Great essay.
I think math is discovered. I think you present a very good analysis of the comparison of discovered vs. invented. I'll spend more time thinking about your `invented' arguments.
The following addresses your objections to `discovered' (``Math is a part of nature...".)
A There is a need to discover the truth of how nature works to advance our survival. There is much more to learn about the universe, math and physics. We don't have different math formulas for the same physics phenomena. We have different assumptions for the same phenomena. OR, the formulas produce the same predictions with an easier formulation. Liebniz postulated if the different formulas produce the same results, they are the same.
B Even math starts with axioms. So, derivation of principles is not done in physics or math.
C We have many mysteries. Saying they have no solution is inaccurate and misleading. More accurate is we haven't discovered (or invented) the math yet. For example, Fourier analysis was unknown but the Greeks had `harmony of the spheres' and circles within circles (Ptolomey).
D Your 4th objection is really the crux of the whole issue. Infinity is not a number. It means unbounded or the increase without limit. Whether the universe is unbounded or not is currently a metaphysical issue. I consider it bounded and flat (see my essay on how). Thanks to the essay by Ojo and conversation with him, I have come to think that division is an unnatural operation. I think irrational numbers are invented and therefore are not natural and not valid math. Its purpose is to be an inverse of multiplication, but multiplication is repetitive addition. Therefore, the inverse of multiplication is repetitive subtraction. It solves Zeno's paradox. That is, the invented parts of math are invalid and not natural.
Your section on Patterns and Regularities argues for math being a part of nature. Thanks also for the recognition of the fractal nature of the universe.

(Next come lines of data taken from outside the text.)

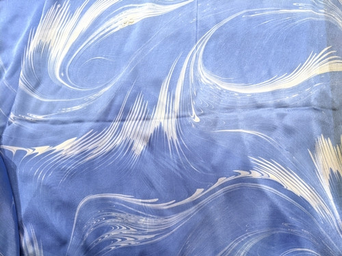 - 墨流し染 シルク ロング ストール 青羽柄 大判 / 染美堂 絹 サテン織 奈良県 葛城市【snbd003】
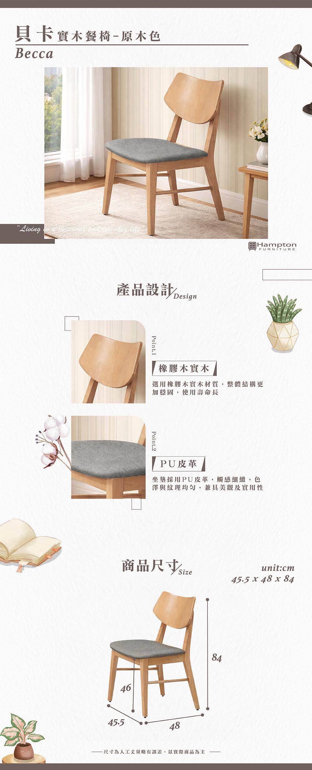 貝卡實木餐椅-原木色-2入組/4入組
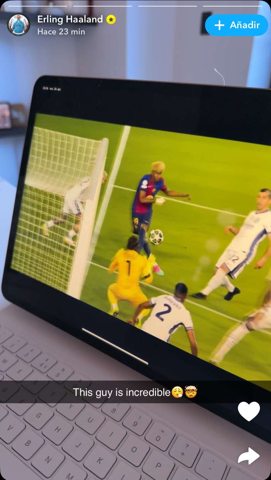 The Manchester City striker, known for being reserved on social media, surprised fans by sharing a Snapchat story with a picture of Lamine and the caption: “This kid is incredible.” The post went viral instantly, sparking a wave of reactions from fans and media alike, as it’s rare to see the Norwegian publicly praise other players.

Statistics may be an invention. I take the nature of physics to be cause and effect. Statistics addresses a situation where a pattern in the data has been noted and no cause-effect model has yet been developed. For example, QM may indicate the type of cause-effect model such as the Bohm Interpretation (I've researched this wit a model of photon interference). I suggest Group models are like the periodic table in the 19th century. A pattern was recognized; the table was constructed based on properties, holes in the table predicted new elements and their properties. Further, the early 20th century saw the development of a cause-effect (structure) model of why the periodic table worked. The table itself was invented, but the cause-effect was natural. The same is true of the group model where the holes predicted the properties of undiscovered particles.
I particularily like the `Beautiful but wrong' section. I suggest all our current models are `wrong' in the sense of limited.
Your essay is one of the very few that addresses the topic. Well, done!